**THE ARTS
**THE ARTS

When Roni Peskin Mentzer was diagnosed with breast cancer for the third time, her friends in the Plexus Art Group asked what they could do for her. Aware that chemotherapy would cause her to lose her hair — again — she asked the fiber artists to make hats.

“Wigs are boring,” Mentzer told her friends two years ago. “Let’s create works of art. Let’s show the world beauty.”

The artists got right to work. “The first couple of hats were for me to wear,” says Mentzer, 66, of Larkspur. “Then I told my friends to just go for it, and the hats got wilder and outrageously creative.
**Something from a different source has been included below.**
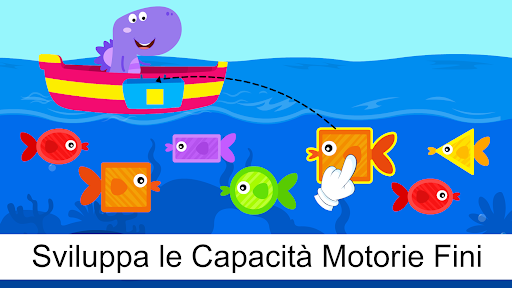 Il tuo piccolo può giocare a una serie di giochi eduativi con Dinos. I bambini dai 2 ai 5 anni possono imparare a identificare, tracciare e differenziare tra forme e colori.

We knew then we had something important.”

Today, there are 38 hats. Some will be on display as part of National Women’s Month in the exhibit “Hats Off to You!,” which opens Saturday, April 2 at the Oshman Family JCC in Palo Alto.

Roni Peskin Mentzer models hats made for her by friends when she was going through cancer treatment.

One hat resembles an ocean jelly with dangling tentacles, one features zippers that transform the hat into a scarf, and one is “hands-on,” sculpted fabric hands that form a hat. Several of the hats are hand-felted. One is crafted from metal and wire. Another is made from plastic newspaper bags and matches a wedding dress Mentzer once made from the bags.

Last spring, the hats served as centerpieces for the annual Honor Thy Healer dinner sponsored by Zero Breast Cancer — a nonprofit based in San Rafael — and the hats will reprise that role May 5 at this year’s dinner. The Marin Arts Council is planning a showing. In May, some of the hats will be on display in New York City to promote a new documentary on breast cancer.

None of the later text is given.